Corroborando com seus achados, Kunkel et al. (2007) avaliando a correlação da expressão imuno-histoquímica do GLUT-1 com a radioresistência em CEO constataram, em 40 espécimes teciduais, que os tumores que apresentaram uma imunomarcação superior a 65% eram resistentes a radiação (p = 0,023) e a taxa de sobrevida era maior naquelas lesões que evidenciaram uma fraca expressão, confirmando, assim o valor significativo de prognóstico do GLUT-1 na radioresistência tumoral.

Oliver et al. (2004), objetivando correlacionar os aspectos clínicos de 54 casos de CEO tratados cirurgicamente, através da imunoexpressão do GLUT-1, verificaram que a forte expressão dessa proteína estava associada com a alta taxa de recidiva (p = 0,032), metástase linfonodal (p = 0,005), bem como com o número de mortes relacionado a doença. Os autores acreditam que a intensa marcação do GLUT-1 poderia

ser utilizada para predizer a necessidade de quimioradioterapia nos pacientes acometidos pelo CEO.

Choi et al. (2007), objetivando analisar a importância do GLUT-1 como adjuvante no critério de diagnóstico e na estratégia de tratamento do CEL verificaram, em sua pesquisa de 60 casos, que a forte imunoexpressão do GLUT-1 estava associada com a localização primária da lesão, metástase para os linfonodos regionais e estágio tumoral (p < 0,05). Evidenciaram, ainda, que o marcador de proliferação celular, Ki-67, estava correlacionado com a expressão do GLUT-1 e que a taxa de sobrevida dos grupos com imunomarcação forte foi inferior, quando comparado com as lesões fracamente marcadas.

Eckert et al. (2008) observaram, em uma amostra de 42 casos de CEO, que 32 lesões tiveram uma fraca ou ausência de marcação para o GLUT-1, enquanto que 10 amostras obtiveram uma expressão de moderada a forte.
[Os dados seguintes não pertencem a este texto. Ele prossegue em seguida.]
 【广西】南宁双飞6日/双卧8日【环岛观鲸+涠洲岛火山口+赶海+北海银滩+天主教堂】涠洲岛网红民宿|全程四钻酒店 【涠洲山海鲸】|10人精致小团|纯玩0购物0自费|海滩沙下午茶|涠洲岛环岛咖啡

Assim, na análise multivariada, os pacientes cujos tumores tiveram uma moderada a forte expressão para o GLUT-1 possuíam um risco 4,9 vezes maior de morte relacionada ao tumor, em comparação com os outros pacientes.
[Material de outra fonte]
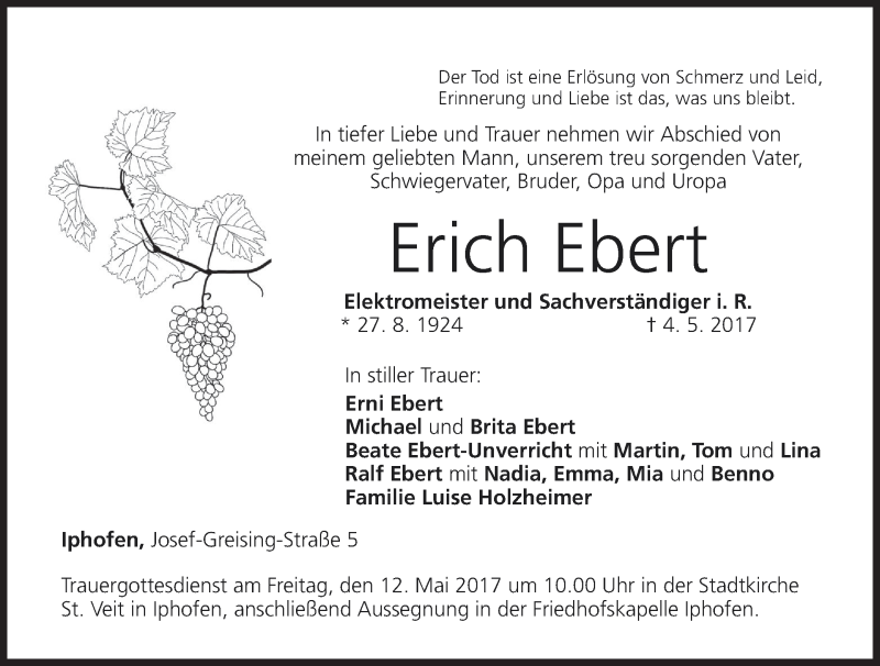 Hier finden Sie alle Traueranzeigen aus der Zeitung, die bisher für Erich Ebert erschienen sind. Weitere Traueranzeigen, die in der Zeitung erscheinen, werden hier ebenfalls aufgelistet

Adicionalmente, Ohba et al. (2010) investigaram a expressão imuno- histoquímica do GLUT-1 em 24 casos de CEO e observaram que a intensa marcação estava associada a áreas de front de invasão, profundidade do tumor (p < 0,023) e a taxa de sobrevida, sugerindo um pior prognóstico (p < 0,046), porém os autores não puderam inferir uma relação da expressão dessa proteína com os parâmetros idade, gênero, tamanho do tumor e estágio linfonodal.
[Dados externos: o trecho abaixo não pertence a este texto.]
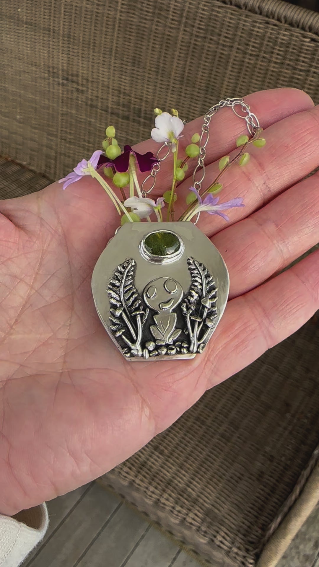 The vase itself is about 1.5 inches tall and about 1.5 inches wide. The nonremovable sterling necklace is about 20.5 inches long. Because of the looped design of the chain, you could clasp your lobster claw in a different spot to make the necklace a little shorter if you wish. He was given a grass green tsavorite gemstone (a type of garnet) at the top to represent the lush forest. The photos make the gemstone appear darker than it is because yours truly is not a very good photographer.

Segundo Ayala et al. (2010), analisando as características clínico-patológicas de 142 casos de CEO de acordo com o padrão de expressão do GLUT-1 e GLUT-3, verificaram que a expressão do GLUT-1 apresentou uma associação significativa com o consumo de álcool (p = 0,004) e um padrão de marcação membranar forte em 50,3% dos casos. Por sua vez, a expressão nuclear foi observada em 49,7% dos casos analisados. A expressão do GLUT-3 foi detectada em 21,1% dos casos e sua marcação membranar estava associada com o avanço do estadiamento clínico dos tumores (p = 0,005), com a menor taxa de sobrevida livre de doença (p = 0,021), bem como com a embolização vascular (p = 0,005). Assim, inferiram que as expressões das proteínas

GLUT-1 e GLUT-3 são, significativamente, as indicadoras de pior prognóstico em CEO, provavelmente devido ao maior metabolismo glicolítico das células neoplásicas.